Using TensorFlow backend.


## Read the dataset

In [2]:
DATA_PATH = '../data/'

train_file = 'NCBI_corpus_training.txt'
test_file = 'NCBI_corpus_testing.txt'
diseases_file = 'diseases.txt'

with open(DATA_PATH + train_file, 'r') as fp:
    train_dataset = fp.readlines()

with open(DATA_PATH + test_file, 'r') as fp:
    test_dataset = fp.readlines()

dataset = train_dataset + test_dataset

with open(DATA_PATH + diseases_file, 'r') as fp:
    diseases = fp.readlines()

print('Dataset: %d' % len(dataset))
print('Diseases dictionary: %d' % len(diseases))

Dataset: 693
Diseases dictionary: 316


In [3]:
jaccard = Jaccard()
data_process = DataProcess(jaccard)

## Prepare data

This is a minimal preprocess of the data, as I do not want to remove any essential information from texts.

The dataset that I am using contains a number in the beginning of every text, thus I need to remove that number. Also, I replace the `category` tags with `<entity>`, so I can add them to the vocabular of Spacy.

In [4]:
dataset = data_process.apply_initial_cleaner(dataset)

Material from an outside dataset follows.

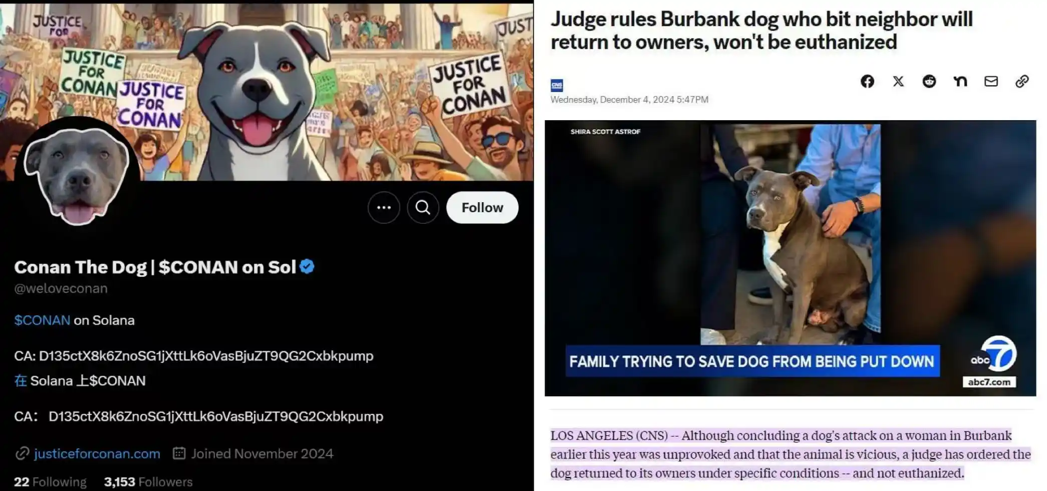 这一判象征着社区站出来反对政府过度干预并为那些无法发声的生物辩护,通过 conan 代币,支持者们不仅纪念这只成功免于安乐死的狗,也传递出为动物争取权益的信念,成为了一个象征拯救生命和倡导个人权利的标志。

print(dataset[0]) # Sample

Identification of APC2, a homologue of the <entity>adenomatous polyposis coli tumour</entity> suppressor .	The <entity>adenomatous polyposis coli ( APC ) tumour</entity>-suppressor protein controls the Wnt signalling pathway by forming a complex with glycogen synthase kinase 3beta ( GSK-3beta ) , axin / conductin and betacatenin . Complex formation induces the rapid degradation of betacatenin . In <entity>colon carcinoma</entity> cells , loss of APC leads to the accumulation of betacatenin in the nucleus , where it binds to and activates the Tcf-4 transcription factor ( reviewed in [ 1 ] [ 2 ] ) . Here , we report the identification and genomic structure of APC homologues . Mammalian APC2 , which closely resembles APC in overall domain structure , was functionally analyzed and shown to contain two SAMP domains , both of which are required for binding to conductin . Like APC , APC2 regulates the formation of active betacatenin-Tcf complexes , as demonstrated using transient transcriptio

I split the texts using the **Spacy Tokenizer**. Note that I split not only the words but also the sentences, so I consider each sentence as an independent input of the model.

In [5]:
tok_dataset = data_process.tokenize_texts(dataset)

print(tok_dataset[0]) # Sample

[('identification', 'NOUN', Identification), ('of', 'ADP', of), ('apc2', 'PROPN', APC2), (',', 'PUNCT', ,), ('a', 'DET', a), ('homologue', 'NOUN', homologue), ('of', 'ADP', of), ('the', 'DET', the), ('<entity>', 'X', <entity>), ('adenomatous', 'ADJ', adenomatous), ('polyposis', 'NOUN', polyposis), ('coli', 'NOUN', coli), ('tumour', 'NOUN', tumour), ('</entity>', 'X', </entity>), ('suppressor', 'NOUN', suppressor), ('.', 'PUNCT', .)]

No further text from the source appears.